Direct synthesis of La9.33Si6O26 ultrafine powder via sol–gel self-combustion method

Single phase La9.33Si6O26 ultrafine powder, as a kind of highly activated precursor to prepare medium-to-low temperature electrolyte for solid oxide fuel cells (SOFCs), has been successfully synthesized via a non-aqueous sol–gel and self-combustion approach from the starting materials: lanthanum nitrate (La(NO3)3·6H2O), citric acid, ethylene glycol (EG), tetraethyl orthosilicate (TEOS) and ammonium nitrate.
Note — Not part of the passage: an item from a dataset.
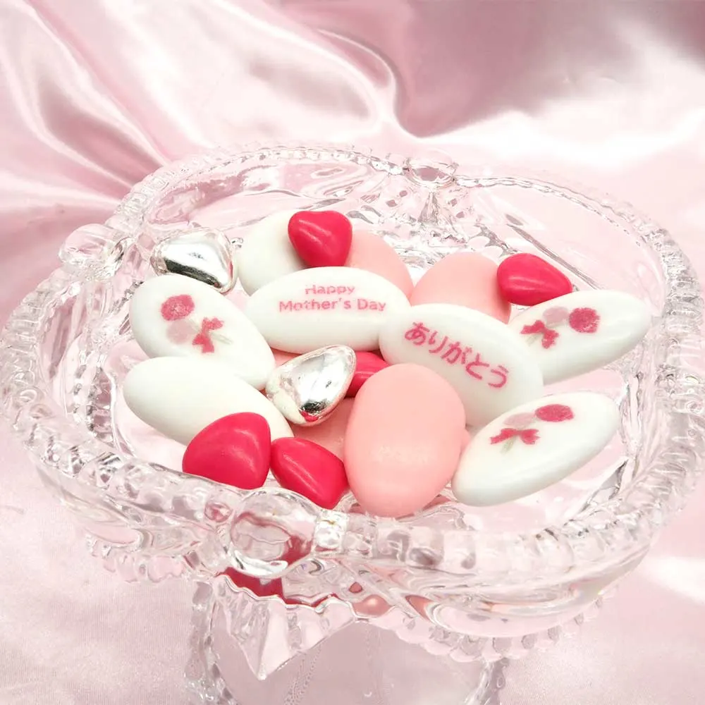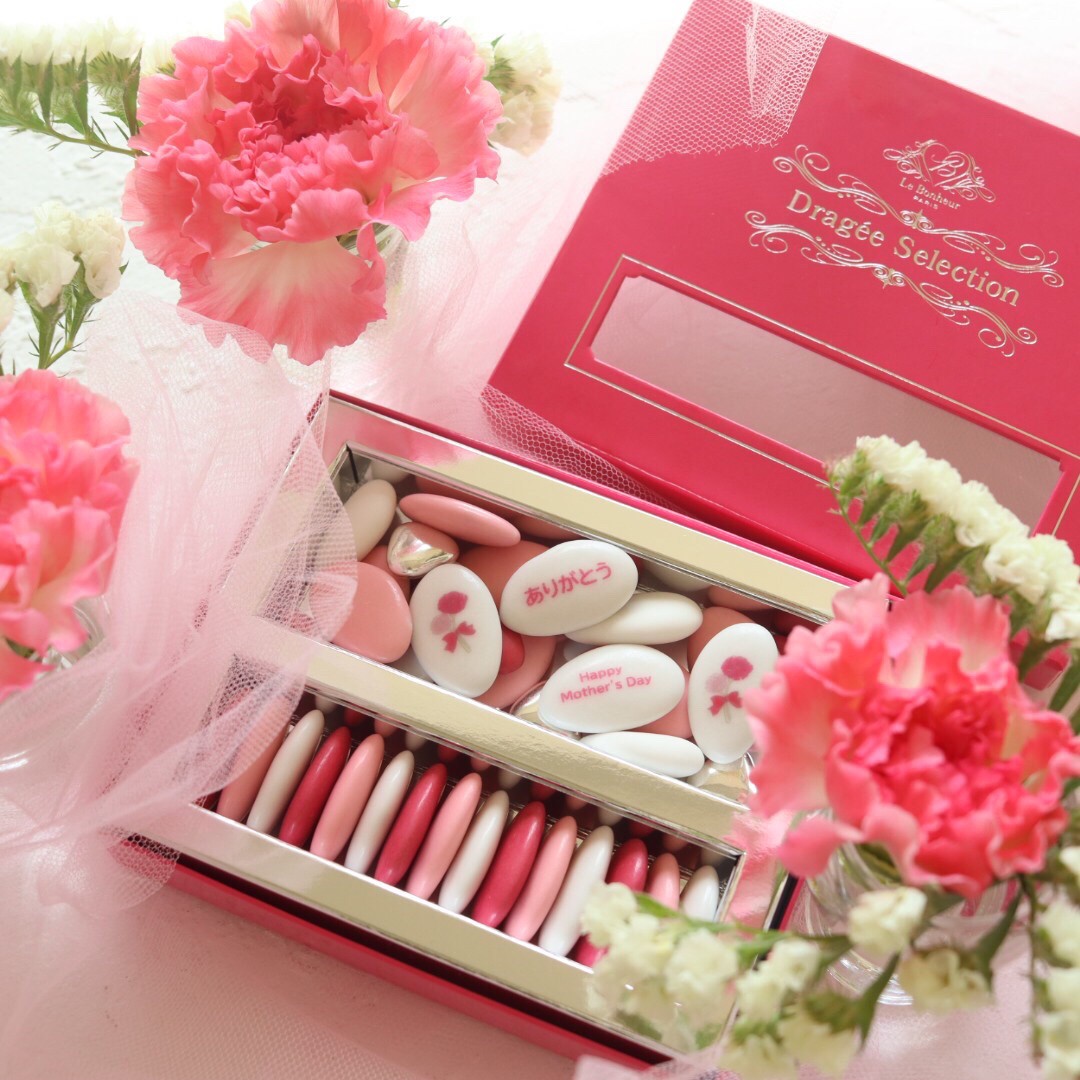 フランス語で「幸福の種」という意味もあるドラジェ。母の日限定品として「Happy Mother's Day」「ありがとう」のメッセージや「カーネーション」のキュートなイラスト入りドラジェをセット♪パッケージには「Happy Mother's Day」のメッセージ帯熨斗付きでお届けいたします。

The details of gel's self-combustion were investigated by DTA–TG and the structural characterization of as-synthesized powder from self-combustion was performed by XRD and SEM. The results show that La9.33Si6O26 single phase of apatite-type crystal structure can be directly synthesized by sol–gel self-combustion method without further calcinations on the condition that the molar ratio (R) of NO3− to citric acid and ethylene glycol being 6:1. Such powders composed of well-dispersed particles with an average size of 200 nm and a specific surface area of 5.54 m2/g. It can be sintered to 90% of its theoretical density at 1500 °C for 10 h, about 200 °C lower than the sintering temperature for the powder derived from traditional solid reactions. The sintered material has a thermal expansion coefficient of 9.2 × 10−6 K−1 between room temperature and 800 °C.